Balkony znajdowały się na średnim poziomie zamku od strony korytarza. Przysłonione szklanym drzwiami i ciemnym, powiewającym teraz na nocnym wietrze, tiulem zdawały się być bramą do świata nierealnego. Świata, którego iskrę było widać gdzieś ponad koroną nocy, setki mil stąd. Błyszczała jak diament pośród gród węgla...

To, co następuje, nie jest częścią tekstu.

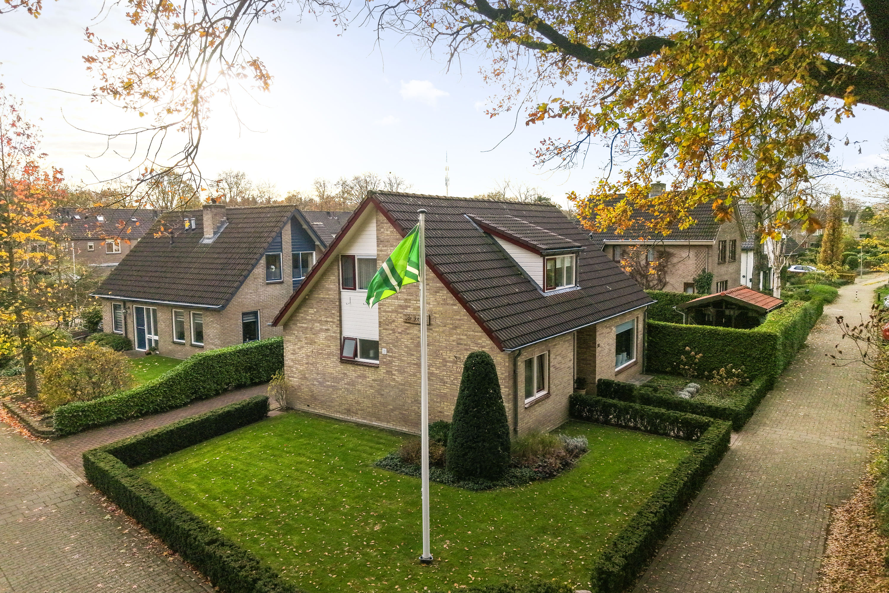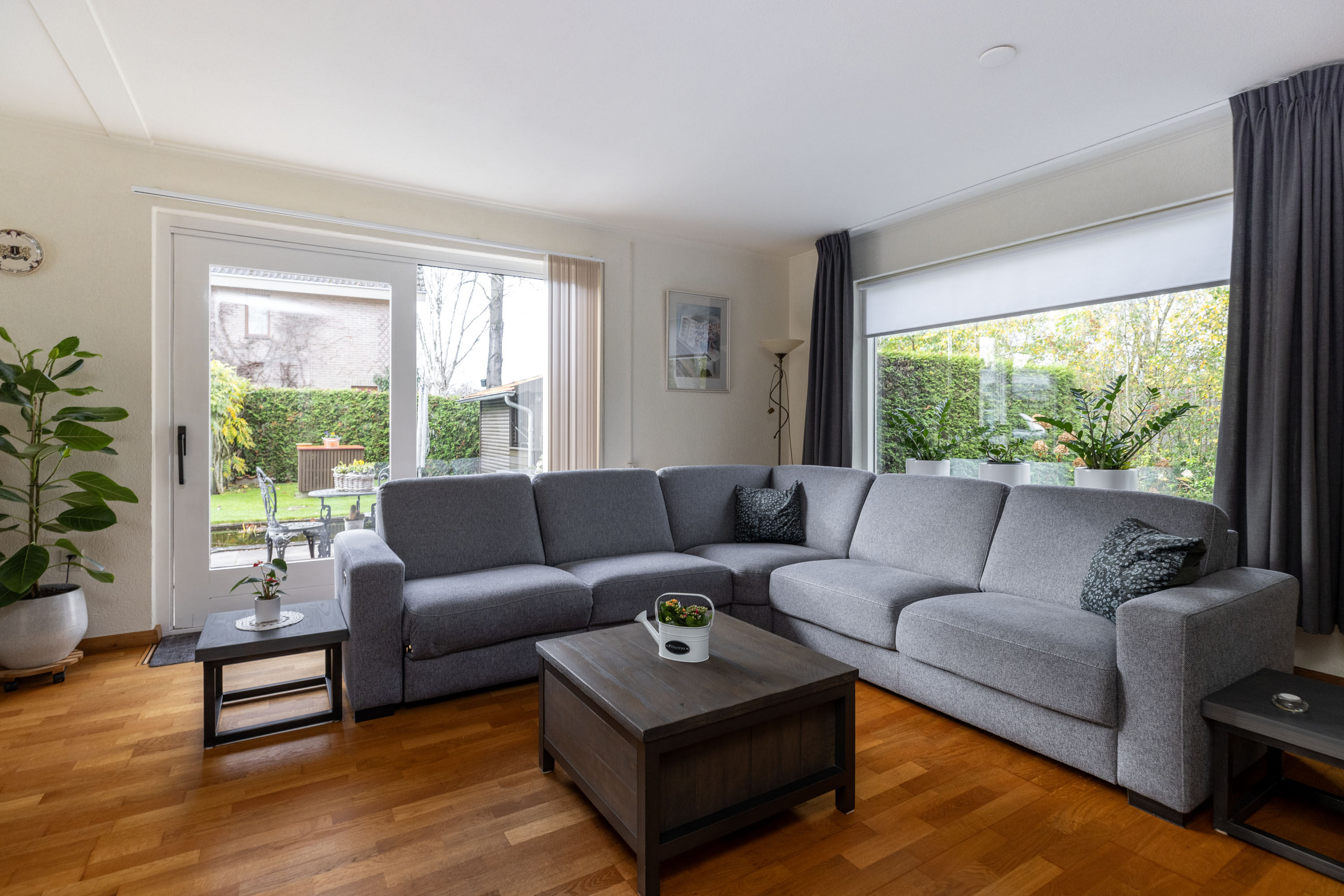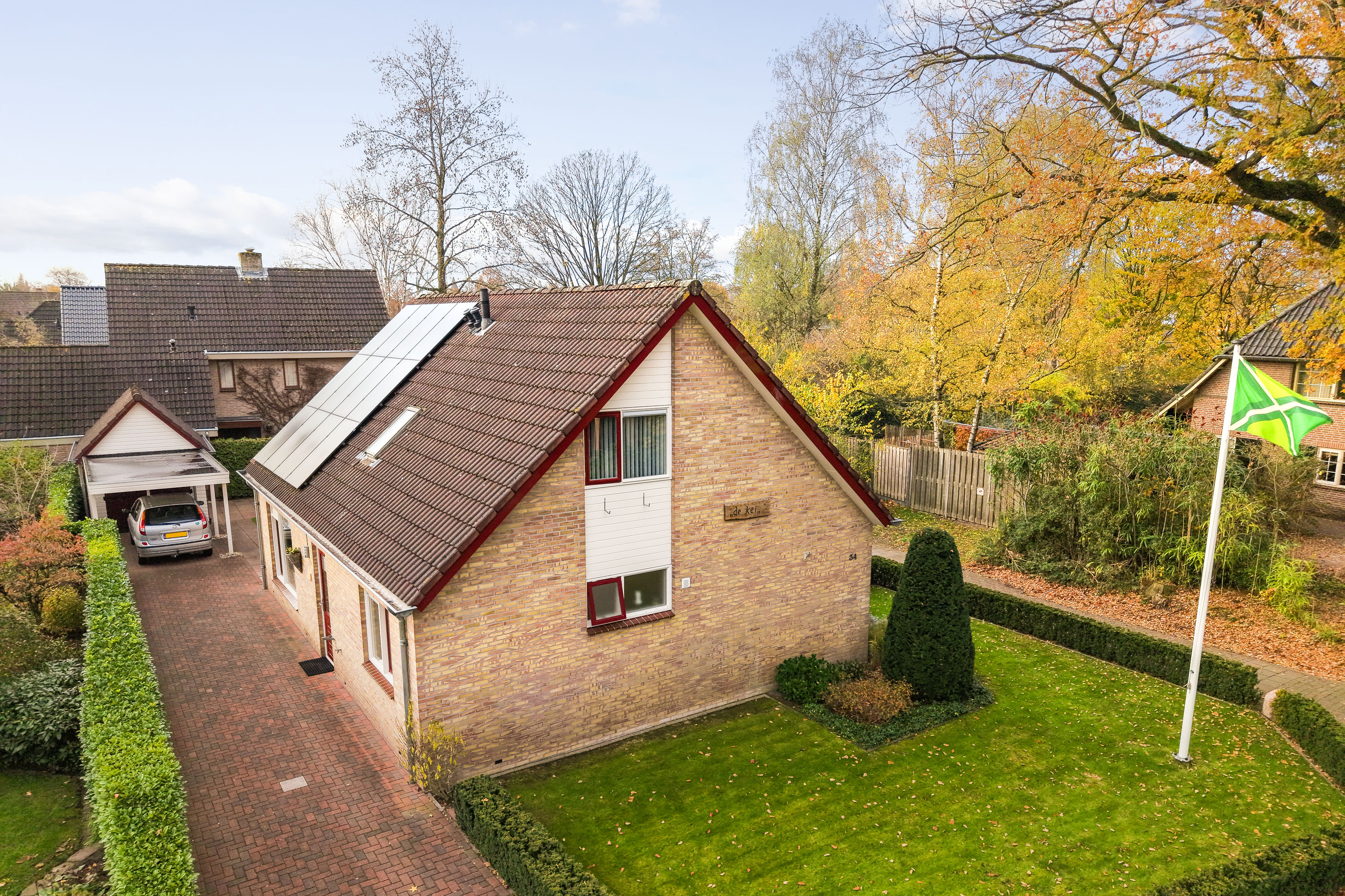 De woning beschikt over een carport, een houten berging en een houten tuinhuis, perfect voor het opbergen van fietsen, tuinspullen of gereedschap. De tuin rondom de woning geeft een gevoel van vrijheid en privacy, met volop mogelijkheden voor zon, schaduw en gezellige loungeplekken.

Postać stojąca przy balustradzie, przez którą nieznacznie prześwitywały gałęzie wysokich drzew, tkwiła w zamyśleniu. Białe, powiewające na wietrze, jak tiul z balkonowych drzwi, włosy, przysłaniały mu twarz, próbując ukryć go w ramionach szeleszczącego wiatru. Mężczyzna odgarnął włosy z twarzy, patrząc na wypłowiały horyzont gdzieś, daleko od niego. -"Wkrótce obrzydliwe światlo zniknie, pozostawiając nas słodkiej ciemności..." - pomyślał, uśmiechając się nieznacznie. - "Trzeba tylko wyczuć odpowiedni moment i zadziałać... To przecież dziecinnie proste..."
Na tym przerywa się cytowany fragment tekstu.